## WORK TO COMPLETE
When you reach the line containing "Water resistant, Thermoball", start transcribing exactly and continue through the last line of the data, skipping every picture.

(Beginning of RECORDS SHOWN)

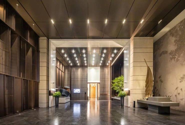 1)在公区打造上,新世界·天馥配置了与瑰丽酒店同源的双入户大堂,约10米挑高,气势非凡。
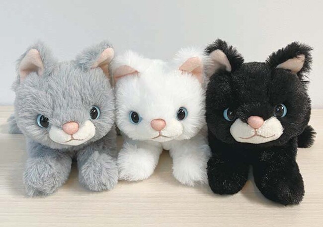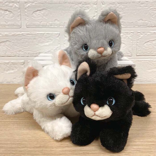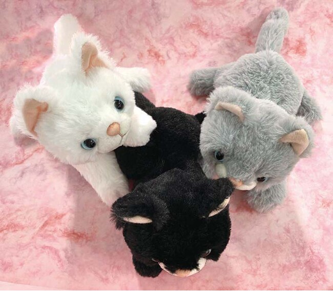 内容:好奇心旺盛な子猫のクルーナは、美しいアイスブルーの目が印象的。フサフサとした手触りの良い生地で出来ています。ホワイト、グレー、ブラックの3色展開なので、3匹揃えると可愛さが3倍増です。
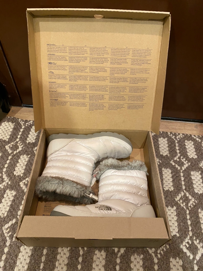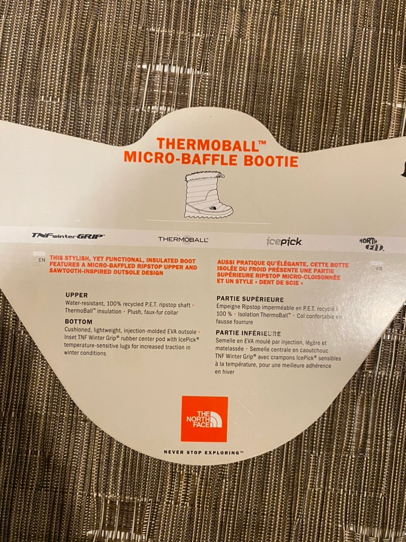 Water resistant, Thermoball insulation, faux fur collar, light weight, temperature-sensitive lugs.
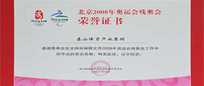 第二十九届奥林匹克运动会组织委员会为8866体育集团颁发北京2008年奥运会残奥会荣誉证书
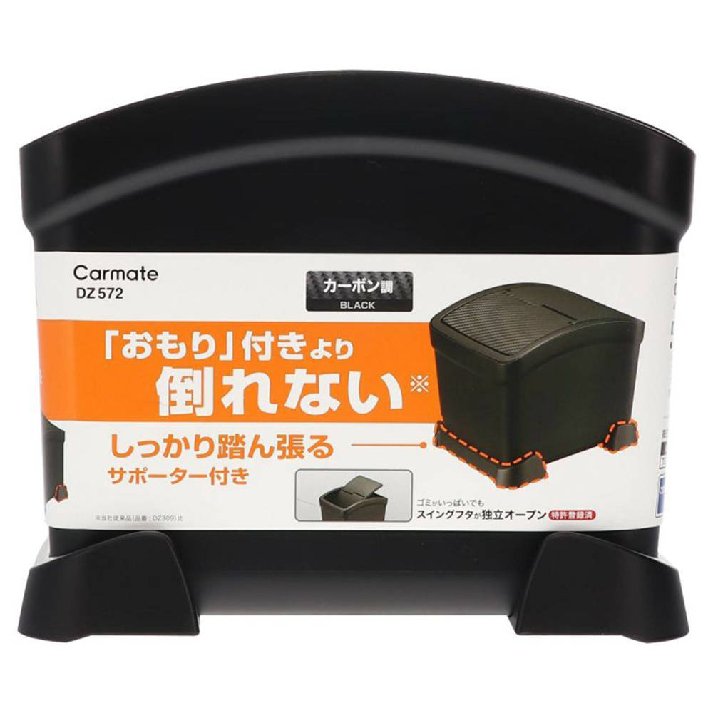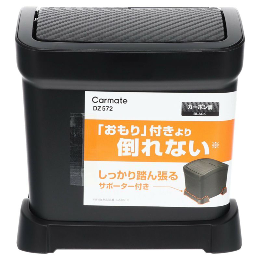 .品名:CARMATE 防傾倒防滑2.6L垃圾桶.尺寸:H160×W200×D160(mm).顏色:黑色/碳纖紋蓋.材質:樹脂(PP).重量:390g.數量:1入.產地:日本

(End of RECORDS SHOWN)

## THE COMPLETED TASK
 Water resistant, Thermoball insulation, faux fur collar, light weight, temperature-sensitive lugs.
 第二十九届奥林匹克运动会组织委员会为8866体育集团颁发北京2008年奥运会残奥会荣誉证书
 .品名:CARMATE 防傾倒防滑2.6L垃圾桶.尺寸:H160×W200×D160(mm).顏色:黑色/碳纖紋蓋.材質:樹脂(PP).重量:390g.數量:1入.產地:日本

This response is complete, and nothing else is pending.